Alice (Sophie Lowe) develops a plan to find Cyrus (Peter Gadiot) and rushes to find his genie bottle, hidden somewhere in Wonderland.

==Production==
Rina Mimoun was the writer for the episode.

==Reception==
===Ratings===
The episode was watched by 4.53 million American viewers, and received an 18-49 rating/share of 1.2/4, down significantly from the premiere episode. The show placed fifth in its timeslot and twelfth for the night.

Alex Strachan of Canada.com said, in regards to ratings, "Wonderland’s future may well depend on a change of scenery — a new day and time, no pun intended — where it can be given room to breathe and find an audience" as the series faces competition with The Big Bang Theory.

===Critical reception===
Amy Ratcliffe of IGN gave the episode an 8.6 out of 10, giving it a positive review. She said "It's just the beginning of the series, but the chess board is set and we're in for an exciting game. Every character has spirit and is moving toward a defined purpose. The evil characters don't seem like they're going to change sides every five minutes, and that's such a relief. Unlike other shows. You know what I'm talking about here. Cough cough, Evil Queen."

Hillary Busis of Entertainment Weekly gave the episode a mixed to negative review, commenting on how the mood of each scene changed too rapidly. She said:

The show's tone seems to shift every time a different pair of characters appears onscreen: Alice and her genie's flashback sequences are straightforward googly-eyed romance. Alice and the Knave play off one another like characters in a classic buddy cop comedy.
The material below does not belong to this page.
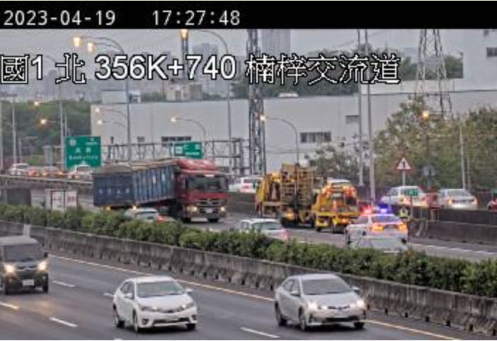 國1南向357k楠梓段,今(19日)17時16分發生大貨車撞護欄「折甘蔗」,占用中間及外側車道,現場進行拖吊處理中,後方回堵約5公里,詳細事故原因仍待釐清。
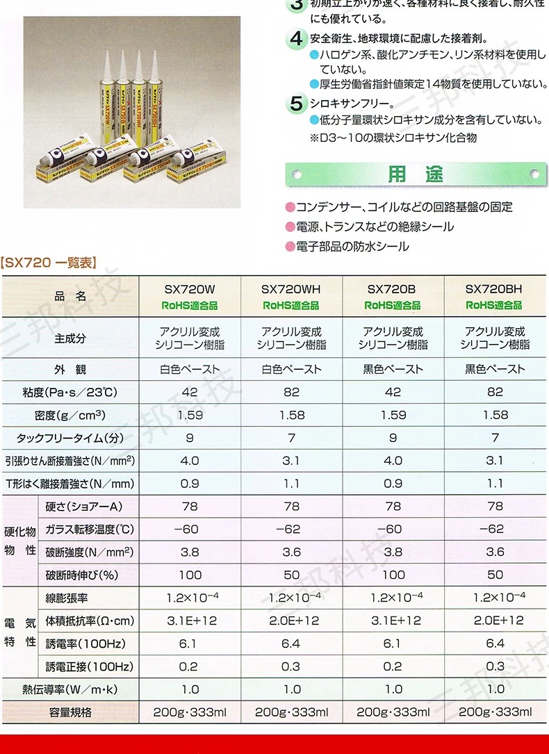 日本施敏打硬(Cemedine)的 SX720W 是一款性能非常出色的单组分、室温固化弹性粘合剂,特别适用于电子元件的粘接、密封和固定。下面是它的关键参数汇总 。

And when the Red Queen and Jafar get together, the show turns into a hammy scenery-chewing competition. (In a contest like that, there are no winners -- only indigestion.) Perhaps Wonderland, like its television parent, is simply trying to include something for every type of viewer -- the sentimental, the sarcastic, the camp lovers. Unfortunately, as is often the case on Once, attempting to please everyone necessarily means not truly satisfying anyone.